In the region this week, additional Iraqi Christian families were targeted for violence in Baghdad. Shi’a Muslim groups have also been targeted in recent weeks. Christian-Muslim relations have historically been quite strong – and for the most part continue to be so. But in light of recent attacks by fringe groups and the threat of additional attacks, Christians throughout the region are expressing a growing sense of vulnerability.

The Common Lectionary readings this week focus on God’s ultimate justice in human affairs.

In the Old Testament reading, Malachi prophesies about a coming day when “all the arrogant and all evildoers will be stubble,” while all who revere God’s name will experience justice and healing (Mal. 4:1-2).
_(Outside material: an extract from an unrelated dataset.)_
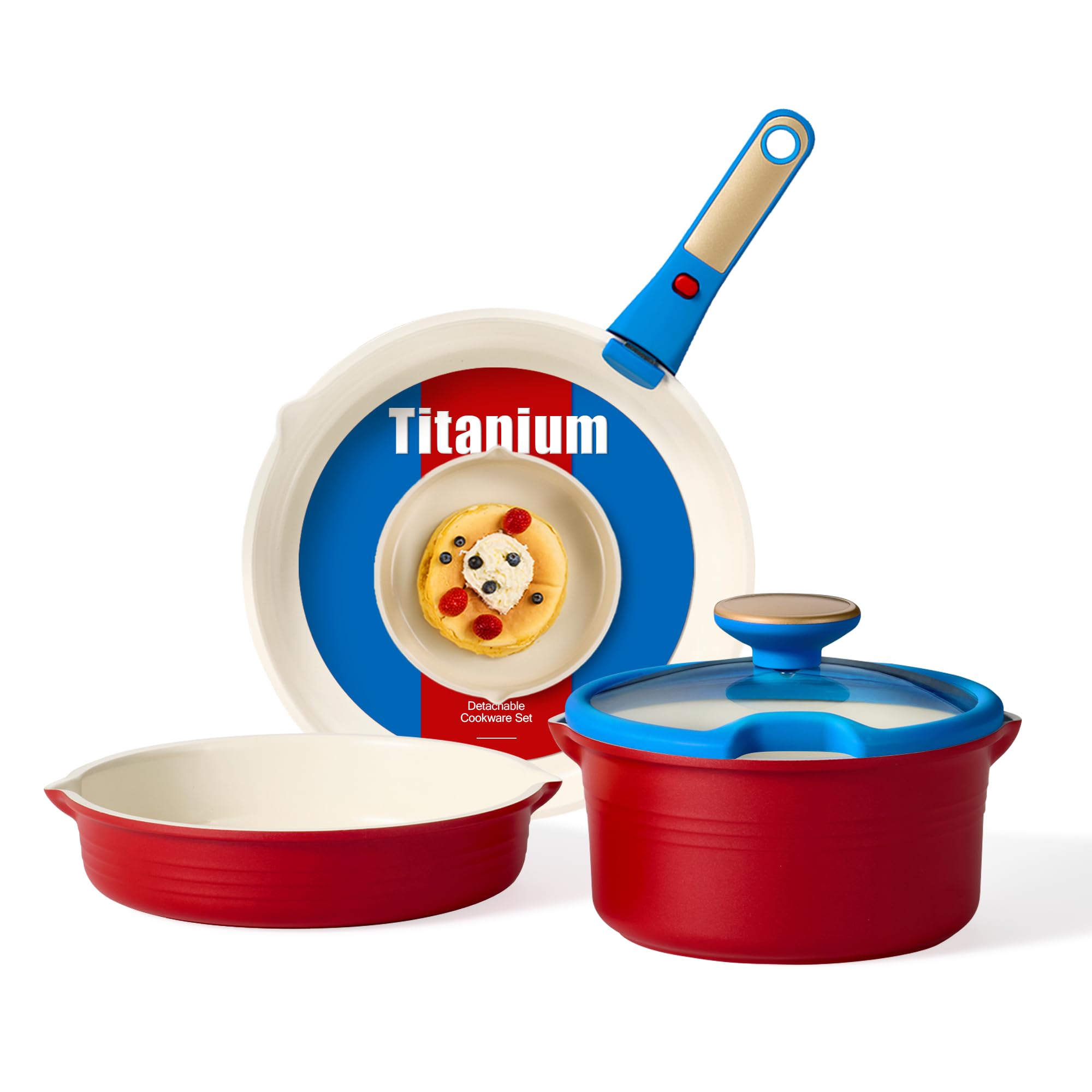 CAROTE 5Pcs Titanium Cookware Set, Pots and Pans Set Non Stick, Kitchen Cooking Set with Detachable Handle, Non Toxic Induction Cookware, Dishwasher/Oven Safe,Memphis Design

The psalmist declares that God “will judge the world with righteousness, and the peoples with equity.” (Ps. 98:9)

In the Epistle reading, Paul urges his readers to “not be weary in doing what is right” (II Thess. 3:13) – even of those around them fail to do so.

In the Gospel reading, Jesus describes the hardship and persecution that faithful followers will experience. “By your endurance,” Jesus promises, “you will gain your souls.” (Lk. 21:5-19)

For those who currently suffer at the hands of arrogant and violent people, these texts offer assurance and comfort that God will ultimately hold all persons accountable for their deeds.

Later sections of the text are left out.